Richard Hughes takes a classic and gives it a twist to create a special baked cod with Norfolk rarebit
Richard Hughes has a cracking cod recipe
This month’s recipe is a classic from the mid 90s. It was a really exciting time for me, with lots of exciting young chefs making a real name for themselves, and I, having bedded into my very first restaurant at Number Twenty Four in Wymondham, (still a great restaurant by the way,) was finally realising an ambition to run my own business.
This dish became something of a signature plate for Gary Rhodes, who, though famous for his out-of-vogue spiky haircut, was really at the forefront of the revival of Great British classics on ‘fine dining’ menus and a great cook to boot.
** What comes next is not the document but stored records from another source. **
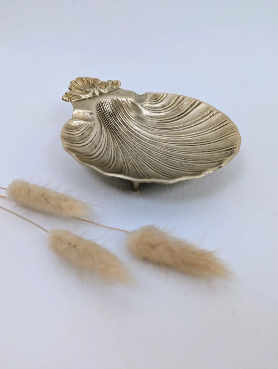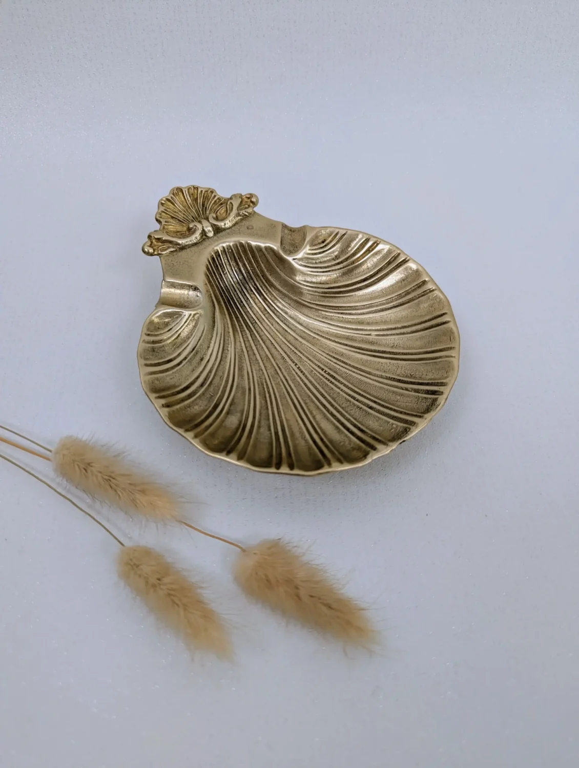 Charmante coupelle, cendrier, en forme de coquillage en laiton doré.
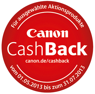 Zwischen dem 1. Mai und 31. Juli 2013 findet eine Canon CashBack-Aktion für die Spiegelreflexkameras EOS 700D, 60D und 7D statt. Damit ist mit der EOS 700D zum ersten Mal eine Kamera zu Verkaufsbeginn in einer CashBack- Aktion. Weiterhin umfasst die Aktion diverse Objektive und Blitzgeräte.
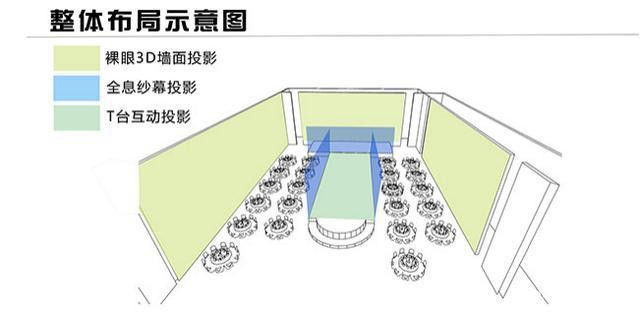 在宴會(huì)廳的實(shí)際應(yīng)用中,又分為720度和360度投影。多以宴會(huì)廳墻體作為投影載體,結(jié)合4D動(dòng)畫使宴會(huì)廳空間呈現(xiàn)動(dòng)態(tài)的3D立體效果。立體成像在全息宴會(huì)廳中具有可變化性,可以根據(jù)不同的需求來變化不同的場(chǎng)景。

Funnily enough this rarebit has now become associated with myself, having put it on every single menu I’ve ever been involved in, and indeed it was whilst teaching this ‘posh cheese on toast’ at a cookery lesson some years back that I very first met the formidable lady that is now my wife! So you can see its holds a very special place in my repertoire. The food of love comes in many guises!
I know my level. Paul Bocuse is known for his Bresse chicken, steamed in a pig’s bladder with truffles and morels, Gordon Ramsey for sea bass and vanilla butter, Heston for his snail porridge, Pierre Koffman for stuffed braised pig trotters. I’m associated with cheese on toast.
Of course we’ve turned this into a Norfolk rarebit, using local ale, mustard, smoked Dapple, and it’s equally at home on a spanking fresh piece of fish, on crumpets, to glaze a steak, or on a cheese scone. Try it, who knows where it will lead you!
ABOVE:Baked cod with Norfolk rarebit – the real food of love?